The core inclusion criteria were as follows: (1) chronological age
between 3 and 21 years of age; (2) presumptive clinical diagnosis of
autism; and (3) expert clinical determination of autism diagnosis using
Diagnostic and Statistical Manual of Mental Disorders (DSM)-IV criteria
supported by the Autism Diagnostic Interview-Revised (ADI-R) in the
majority of cases and all available clinical information. The ADI-R is
a semi-structured diagnostic interview which provides diagnostic
algorithms for classification of autism [[89]35]. All ADI-R interviews
were conducted by formally trained interviewers who have achieved
reliability according to established methods. Thirty-eight individuals
did not have an ADI-R and, for those cases, we implemented a
best-estimate procedure to determine a final diagnosis using all
available information from the research record and data from other
assessment procedures. This information was reviewed by a clinical
panel led by an experienced clinical psychologist and included two
other psychologists and a paediatric medical geneticist - all of whom
were experienced in autism. Following a review of case material, the
panel discussed the case until a consensus diagnosis was obtained. Only
those cases in which a consensus diagnosis of autism was reached were
included. (4) The final criterion was a minimal developmental level of
18 months as determined by the Vineland Adaptive Behavior Scale (VABS)
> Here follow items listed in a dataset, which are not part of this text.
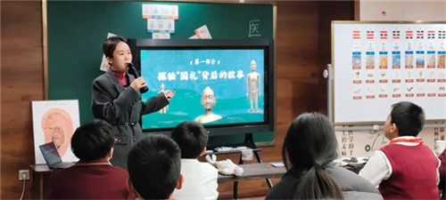 大课间功法展示结束后,李慧老师在少年中医学堂内给同学们带来了一堂生动有趣的中医药活动课《探秘祖国传统医学——从针灸铜人到春季养生》。课堂内容丰富、层层递进,让孩子们在趣味互动中走近中医、爱上中医。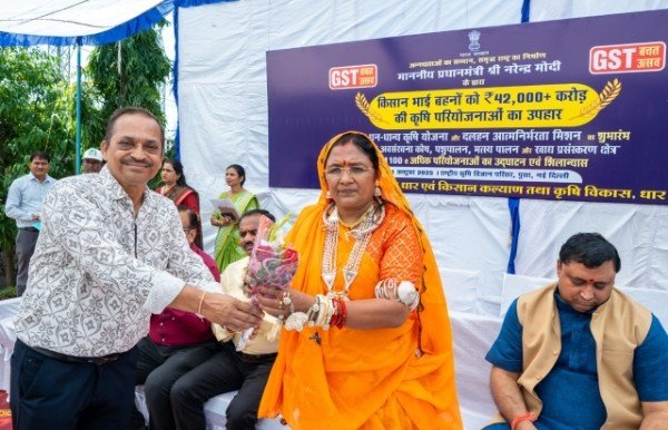 प्रधानमंत्री जी द्वारा शनिवार को राष्ट्रीय कृषि विज्ञान परिसर, पूसा, नई, दिल्ली से ‘‘प्रधानमंत्री धन-धान्य कृषि योजना’’ और ‘‘दलहन आत्मनिर्भरता मिशन’’ का शुभारंभ एवं कृषि अवसंरचना कोष, पशुपालन, मत्स्य पालन और खाद्य प्रसंस्करण क्षेत्र की 1100 से अधिक परियोजनाओं का उद्घाटन एवं शिलान्यास किया गया। कार्यक्रम का सीधा प्रसारण कृषि विज्ञान केन्द्र, धार में किया गया। कार्यक्रम में मुख्य अतिथि के रूप में केन्द्रीय, राज्य मंत्री, महिला एवं बाल विकास मंत्रालय, भारत सरकार श्रीमती सावित्री ठाकुर, विशिष्ट अतिथि श्री नीलेश भारती सहित जिले के लगभग 350 से अधिक कृषक एवं अधिकारी गण उपस्थित रहे।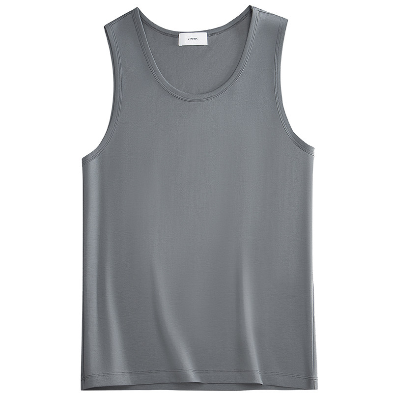 60支莫代尔棉冰丝背心男运动健身坎肩无袖T恤白色春夏季工字汗衫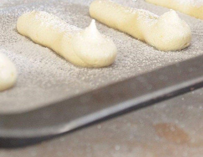 Поставете тестото в шприц с плосък накрайник и във форма за печене, покрита с хартия, оформете савоярдите. Поръсете с кристална захар (може и пудра захар).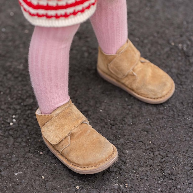 ピンクのリブタイツにキャメルのスエードシューズをオン! 春のお出かけにぴったりなカラーリングが可愛い♪
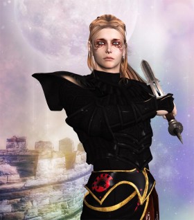 Elves have long life, enhanced senses, an affinity with nature, and an ethereal beauty. These elf knight pictures feature a handsome elf, with long blonde hair, and jet-black armor. He wields various weapons and a shield.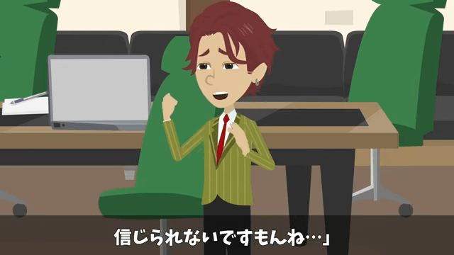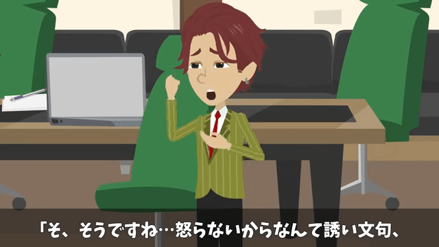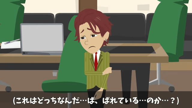 社長は「怒らないから犯人は出てきなさい」と言っても、犯人は名乗り出ないだろうと言います。 一方、同僚は「これはどっちなんだ…バ、バレている…のか…?」と焦っていました。

[[90]36] or the VABS-II [[91]37] or intelligence quotient equivalent
>35. These minimal developmental levels assure that ADI-R results are
valid and reduce the likelihood of including individuals with severe
mental retardation only. We excluded participants with severe sensory
problems (for example, visual impairment or hearing loss), significant
motor impairments (for example, failure to sit by 12 months or walk by
24 months) or identified metabolic, genetic or progressive neurological
disorders.
A total of 597 Caucasian families (707 individuals with autism) were
genotyped at HIHG. This dataset consisted of 99 multiplex families
(more than one affected individual) and 498 singleton (parent-child
trio) families. A subset of these data had been previously reported
[[92]19]. In addition, GWAS data were obtained from the Autism Genetic
Resource Exchange (AGRE) [[93]35] as an additional dataset for
analysis. The full AGRE dataset is publicly available and contains
families with the full spectrum of autism spectrum disorders. From
AGRE, we selected only families with one or more individuals diagnosed
with autism (using DSM-IV and ADI-R); affected individuals with
non-autism diagnosis within these families were excluded from the
analysis. This resulted in a dataset of 696 multiplex families (1240
individuals with autism) from AGRE [[94]35].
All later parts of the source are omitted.